=== What you have to do ===
Below are entries. Copy exactly the lines running from the line that holds "学院最近组建了男子排球队,准" to the line that holds "이외에도, 굿노트 파일을 내보내고 싶으면 아래 버튼을 누른다.", with both ends included.

=== Data shown ===
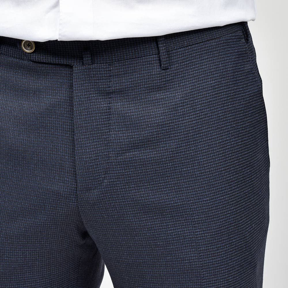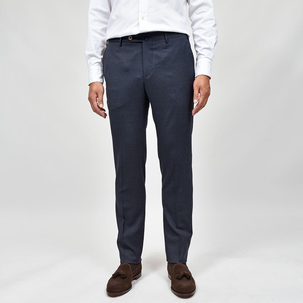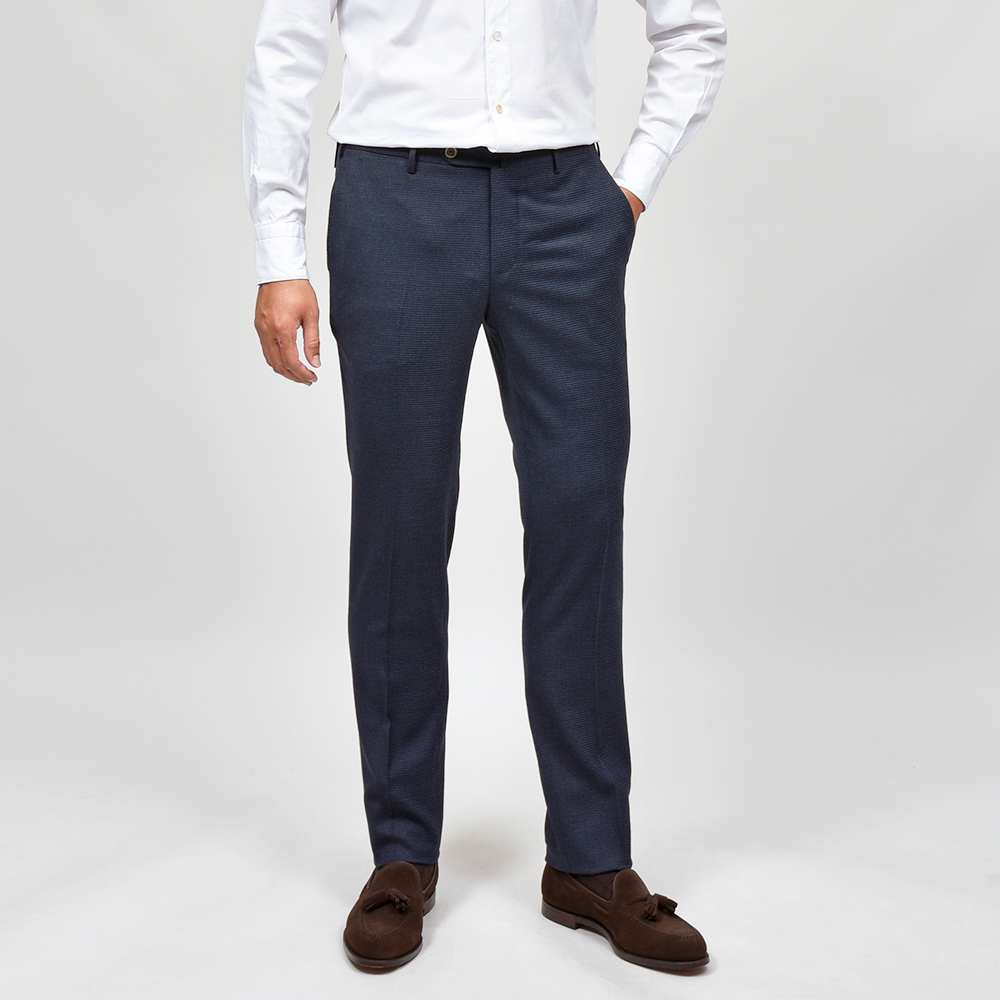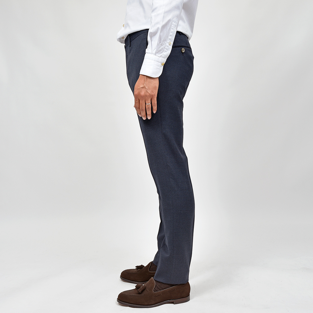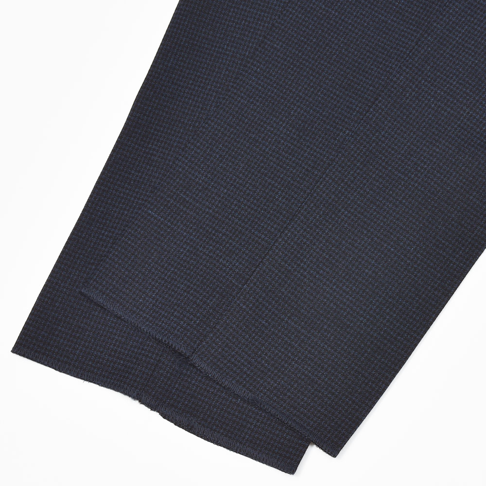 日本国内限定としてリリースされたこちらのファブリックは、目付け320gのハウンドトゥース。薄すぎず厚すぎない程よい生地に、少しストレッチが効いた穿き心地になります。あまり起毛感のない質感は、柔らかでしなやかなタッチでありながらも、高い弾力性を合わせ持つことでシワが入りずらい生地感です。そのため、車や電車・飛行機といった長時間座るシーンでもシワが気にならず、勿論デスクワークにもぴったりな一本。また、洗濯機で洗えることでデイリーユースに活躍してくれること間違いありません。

==

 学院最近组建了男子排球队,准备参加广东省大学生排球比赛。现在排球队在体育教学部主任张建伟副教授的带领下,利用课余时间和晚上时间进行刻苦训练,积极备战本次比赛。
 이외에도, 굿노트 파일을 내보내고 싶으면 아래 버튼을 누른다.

--

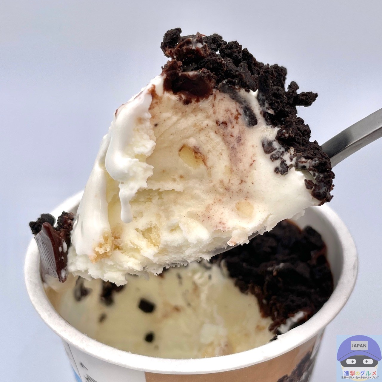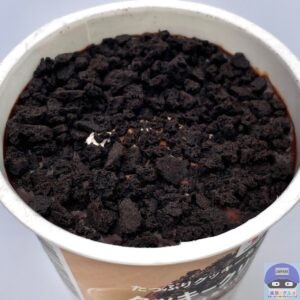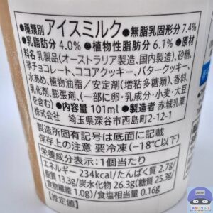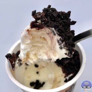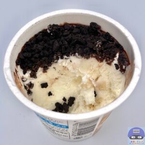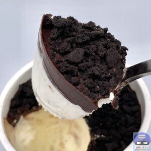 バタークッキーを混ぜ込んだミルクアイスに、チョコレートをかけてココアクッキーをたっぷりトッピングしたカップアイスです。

=== Exercise result ===
 学院最近组建了男子排球队,准备参加广东省大学生排球比赛。现在排球队在体育教学部主任张建伟副教授的带领下,利用课余时间和晚上时间进行刻苦训练,积极备战本次比赛。
 이외에도, 굿노트 파일을 내보내고 싶으면 아래 버튼을 누른다.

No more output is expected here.